The Unfrozen Few has been reviewed by Kirkus Indie.
Below are selected highlights and the complete review.
Kirkus Indie Review
“An empathetic and layered meditation on illness and time.”
“Boyd has full control of his extensive cast, granting each of the characters complexity as they form alliances within their ‘Emergence.’”
“…introduces complex themes related to living with HIV and AIDS, including survivor’s guilt, positionality in the LGBTQ+ community, and fluid sexual identities, in a carefully considered way.”
— Kirkus Indie
February 11, 2026
Full Review
In Boyd’s speculative novel, the subjects of an experimental AIDS treatment awaken after decades of suspended animation.
Dr. Nathan Black wakes from a cryogen-induced sleep in an abandoned underground laboratory alongside ten other AIDS patients. The patients and their experimental treatment program have been long forgotten, since all “traces of Project I.C.E. disappeared during the cryogenic catastrophe scandal of ’95.” When the group emerges, confused and scared, in 2023, Nathan wants answers from the people at the biotech company who carried out the experiment—namely, his brother, Dr. Frankie Black, and his friend, Dr. J.J. Fletcher, both of whom have disappeared. As the unfrozen venture out into Duranga Valley, California, they discover that the biotech company, Black Ops, is now run by Dr. Brenda Black, Nathan’s stepmother, and her children, Nathan’s stepsiblings. The staff is determined to keep the unfrozen few from seeing the outside world until they’re up to speed to prevent brain glitches. (“None of you are ready. Not because the world is on fire, but because your minds are still dazed and confused, like you’ve been zapped into another dimension.”) But when a smartphone comes into the patients’ collective hands, they receive an overwhelming update about the state of the modern world, including the advents of Covid-19 and social media. As they try to contact their loved ones, Nathan digs into the truth behind the “frozen formula” and its absent architects while monitoring Brenda’s increasingly suspicious behavior.

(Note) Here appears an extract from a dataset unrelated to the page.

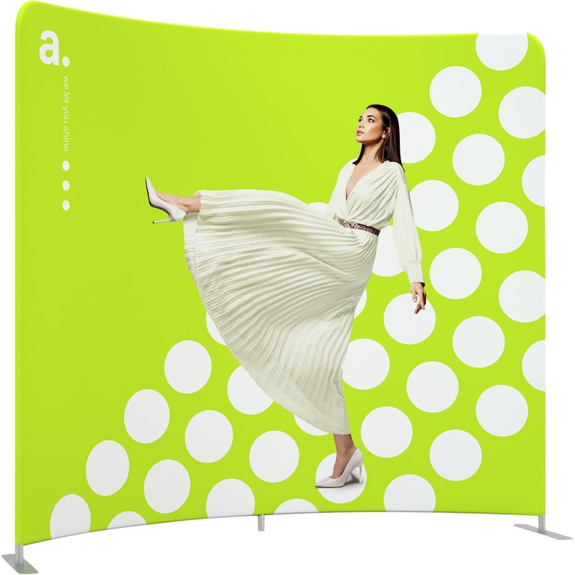 240 cm bred messevæg som er let buet. Den buede form giver messevæggen en vis 3D-effekt. Udstillingsvæggen har en moderne konstruktion af aluminiumsrør, der er samlet i en bue. Montering kræver intet værktøj og er hurtig. Stoffet med dit logo trækkes derefter over bøjlen og lukkes med en lynlås. Denne smarte konstruktion giver en rynkefri messevæg uden folder. Stoffet er trykt miljøvenligt med vandbaseret farve på både for- og bagside. Skal du vaske stoffet, kan det køres i vaskemaskine ved 30 grader. Ønsker du at udskifte motivet, skal du blot bestille et nyt trykt stof hos os.

Boyd has full control of his extensive cast, granting each of the characters complexity as they form alliances within their “Emergence.” The action is fast-paced and dialogue-heavy, with Nathan acting as a bridge between the patients and the world outside the compound. Through the group’s conversations, the author introduces complex themes related to living with HIV and AIDS, including survivor’s guilt, positionality in the LGBTQ+ community, and fluid sexual identities, in a carefully considered way.
An empathetic and layered meditation on illness and time.